Working data START

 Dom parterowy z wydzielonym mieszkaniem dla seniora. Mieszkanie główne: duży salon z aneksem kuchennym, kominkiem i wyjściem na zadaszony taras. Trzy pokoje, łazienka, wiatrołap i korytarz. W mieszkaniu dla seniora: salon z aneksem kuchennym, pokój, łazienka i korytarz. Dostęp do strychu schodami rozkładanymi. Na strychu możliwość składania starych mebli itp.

Working data END
Working data START

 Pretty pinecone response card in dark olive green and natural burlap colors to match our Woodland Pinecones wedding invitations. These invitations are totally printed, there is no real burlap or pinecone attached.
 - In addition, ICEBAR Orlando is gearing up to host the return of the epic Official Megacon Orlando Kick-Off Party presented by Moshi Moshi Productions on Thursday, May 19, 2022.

Working data END
Working data START

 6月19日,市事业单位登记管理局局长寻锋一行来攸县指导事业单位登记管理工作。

Working data END

## Directions:
From the records above, copy out the line with "Pretty pinecone response", the line with "- In addition, ICEBAR", and every line between them, word for word.

## Solution for this problem:
 Pretty pinecone response card in dark olive green and natural burlap colors to match our Woodland Pinecones wedding invitations. These invitations are totally printed, there is no real burlap or pinecone attached.
 - In addition, ICEBAR Orlando is gearing up to host the return of the epic Official Megacon Orlando Kick-Off Party presented by Moshi Moshi Productions on Thursday, May 19, 2022.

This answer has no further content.